Work item: Skip the pictures. Output only the lines below starting at the line with "Mała listonoszka jest" and ending at the line with "Tableau Abstrait nuances", both ends included, exactly as they are.

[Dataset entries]
--- --- ---
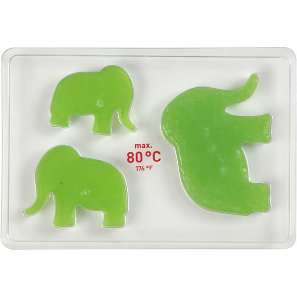 Transparent plastic mould with motives in 3 different sizes. Resistant to max. 80 °C.
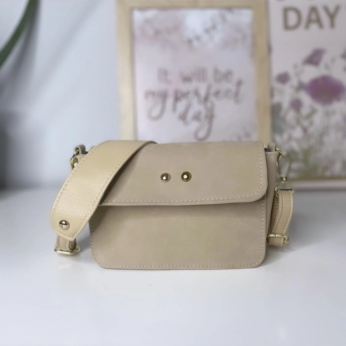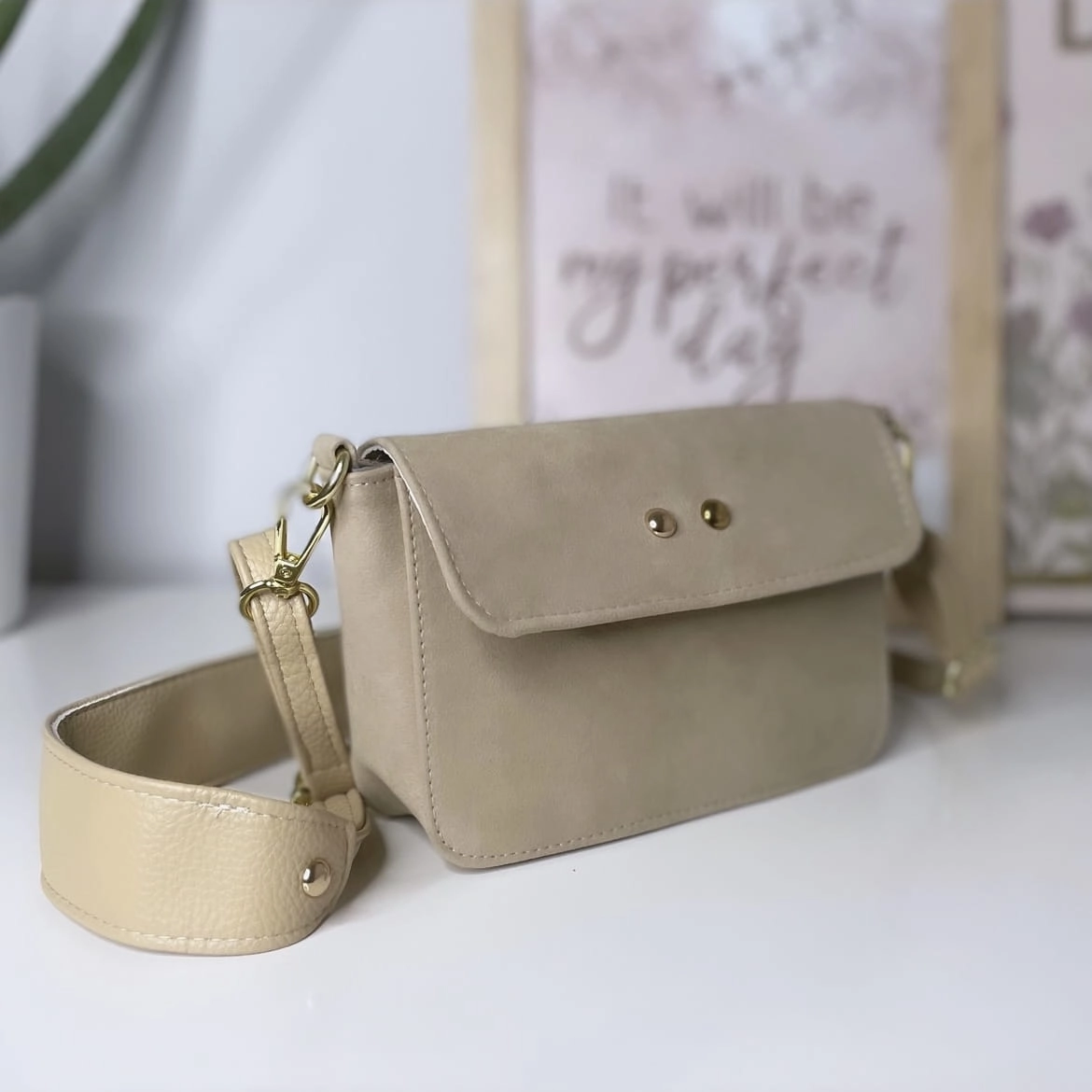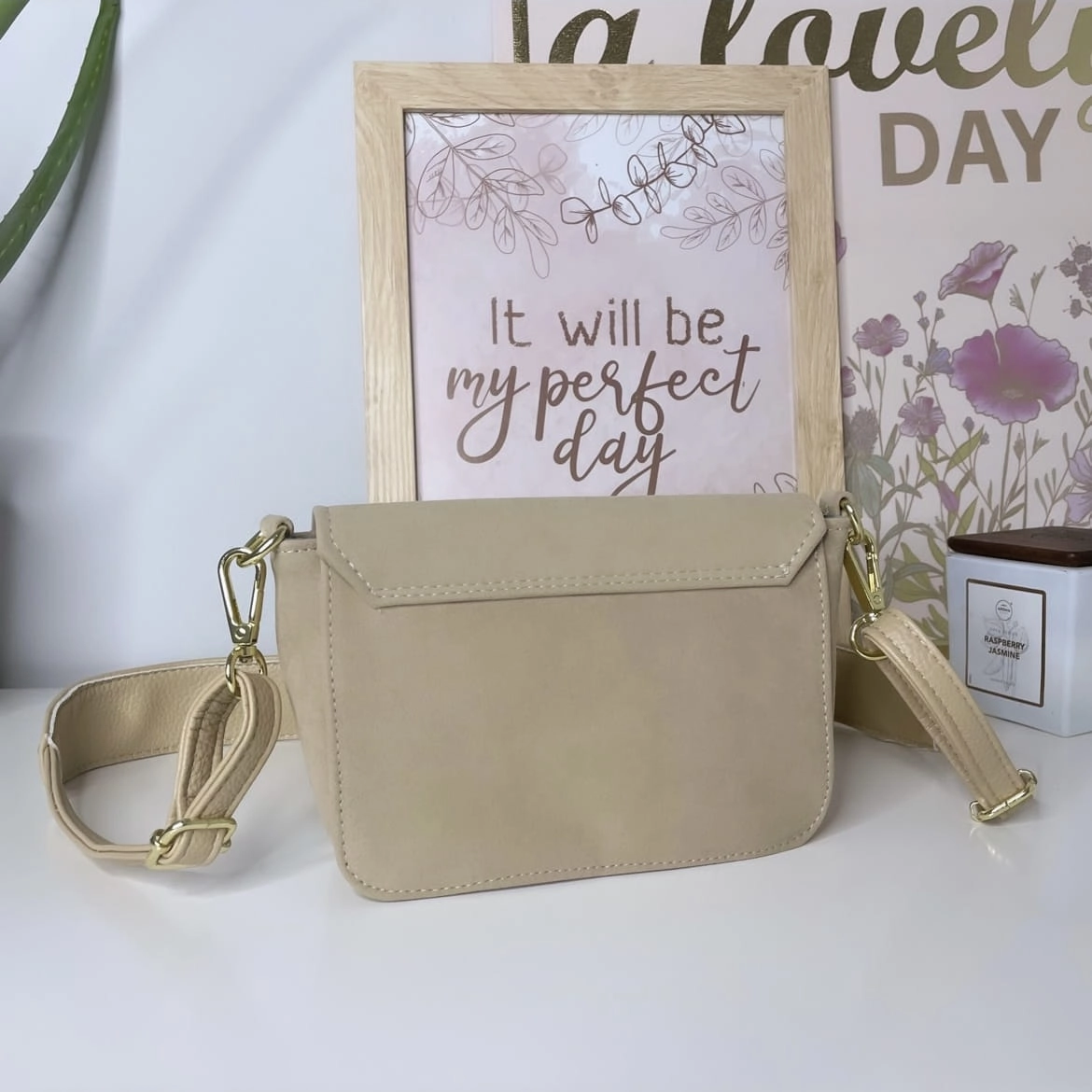 Mała listonoszka jest uszyta z eko zamszu w odcieniu beżu, pasek jest odpinany i regulowany.
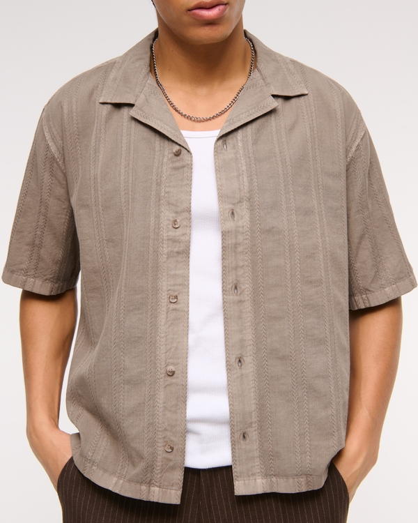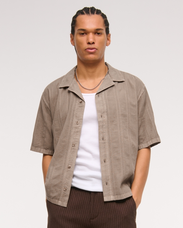 Comfortable short-sleeve button-up shirt in our soft cotton fabric, featuring a relaxed-fit silhouette, resort-style camp collar, all-over textured braided details and straight hem. Imported.
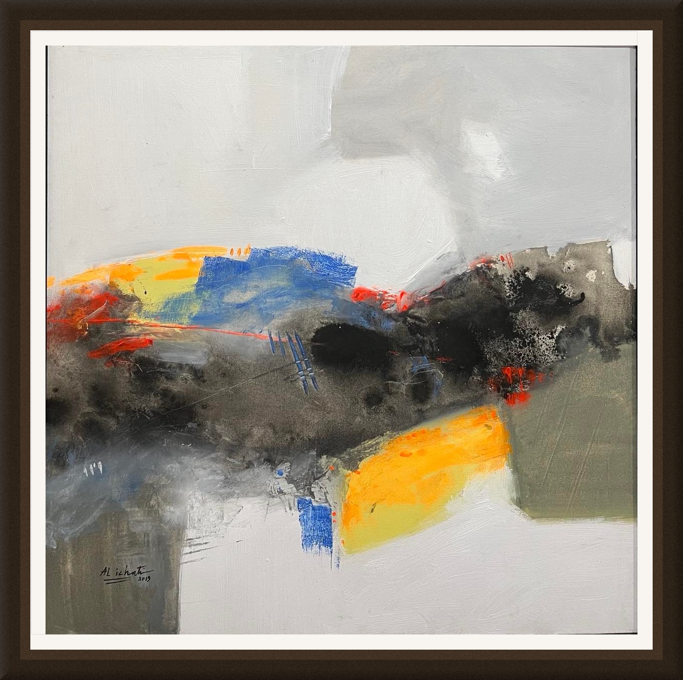Tableau Abstrait nuances de gris et éclats de couleur — Mohamed Al Ichati | 100x100cm | Artisthick
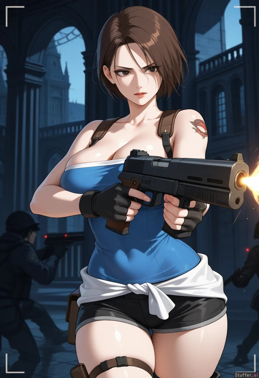 masterpiece artwork, 4K_resolution, ultra_quality, maximum_rating, detailed female body, impeccable clarity, dark gloomy shadows, sense of depth, sense of scale, (Jill_Valentine, Resident_Evil), confident, bratty, attractive, sensual, virgin, fertile, lush, capable, aroused, haunted_mansion, (shooting gun, firing_stance), (((irresistible curvy voluptuous physique))), ((wide hips, thick gluteal mass)), (clothed),
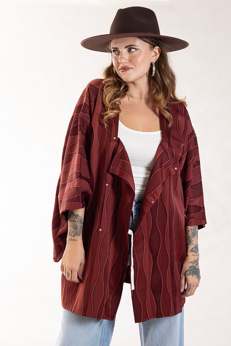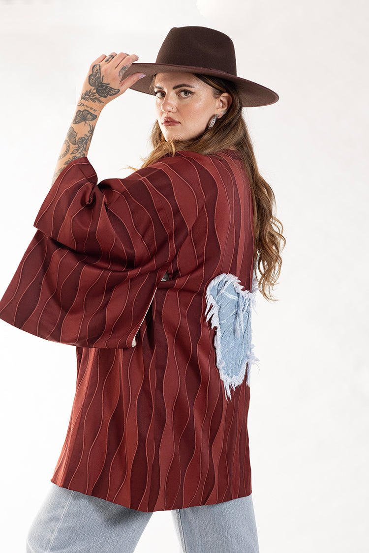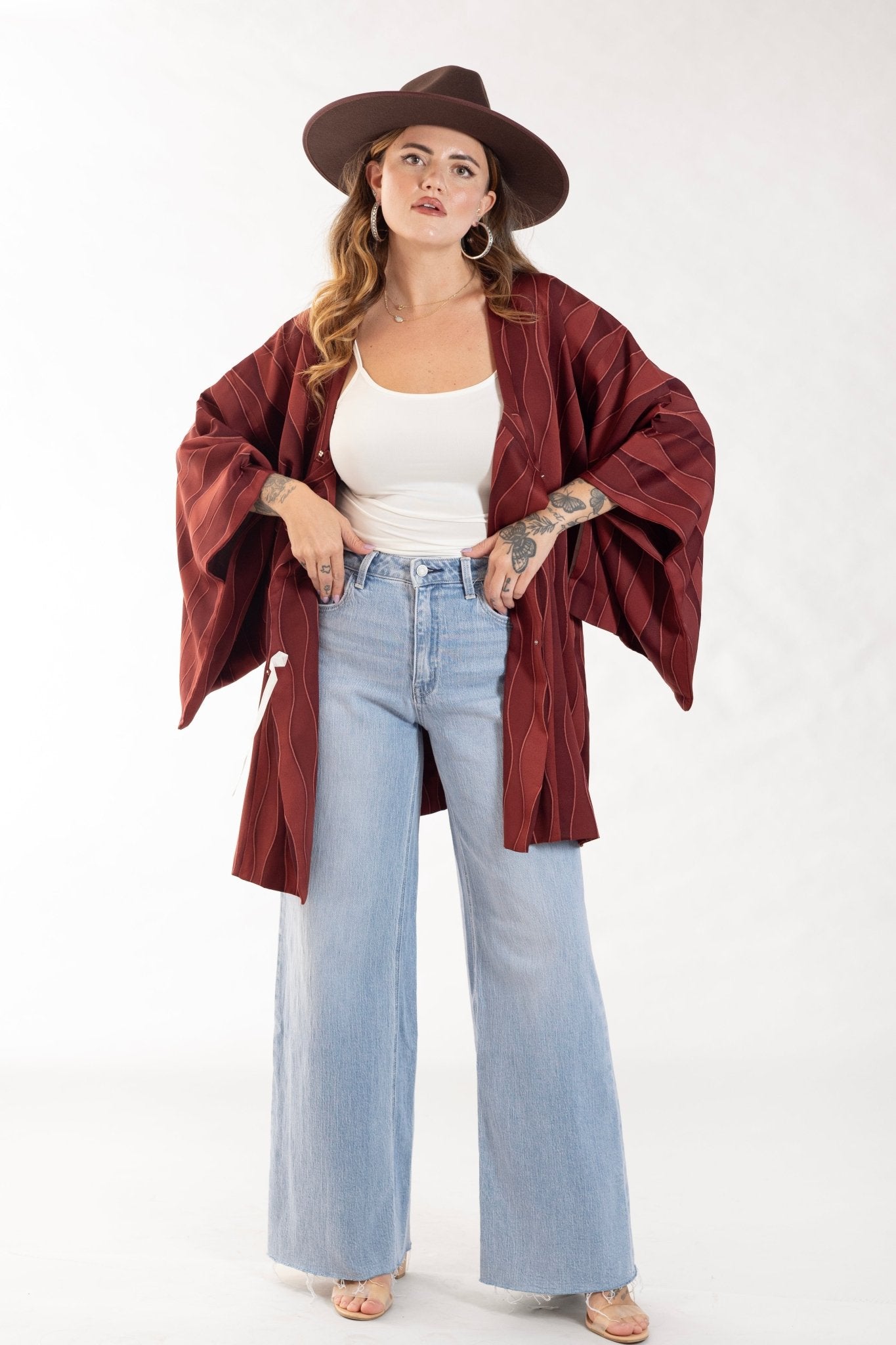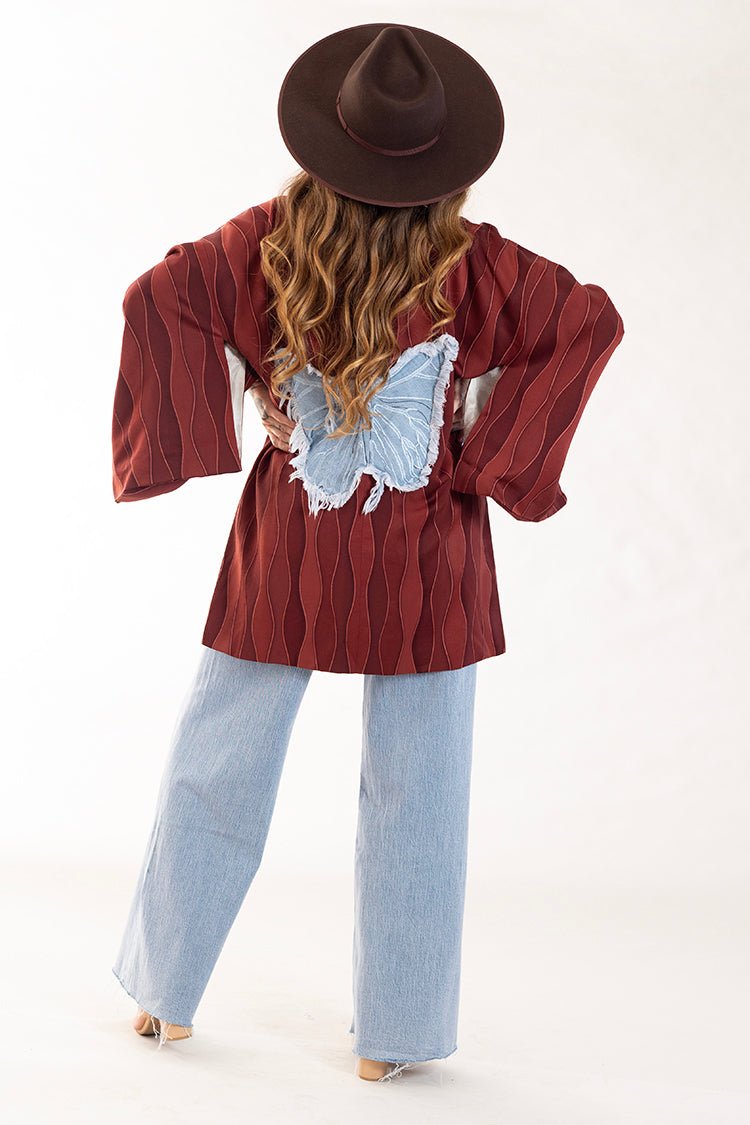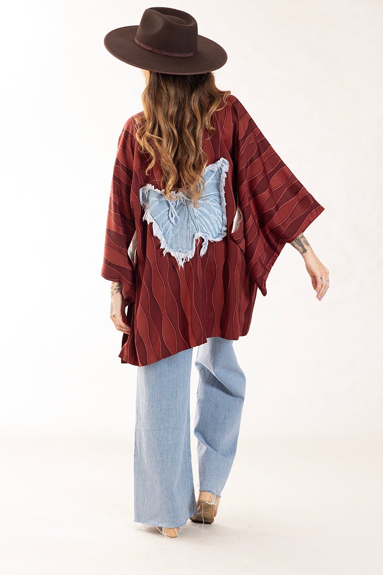 We hand-curate our vintage kimonos from California flea markets with love and care. We added a denim butterfly to this maroon abstract print style for extra flair. Exclusive to Flea Style and available online-only, this breezy layering piece is a unique treasure that adds artistry and personality to your wardrobe.
--- --- ---
Written solution:
 Mała listonoszka jest uszyta z eko zamszu w odcieniu beżu, pasek jest odpinany i regulowany.
 Comfortable short-sleeve button-up shirt in our soft cotton fabric, featuring a relaxed-fit silhouette, resort-style camp collar, all-over textured braided details and straight hem. Imported.
Tableau Abstrait nuances de gris et éclats de couleur — Mohamed Al Ichati | 100x100cm | Artisthick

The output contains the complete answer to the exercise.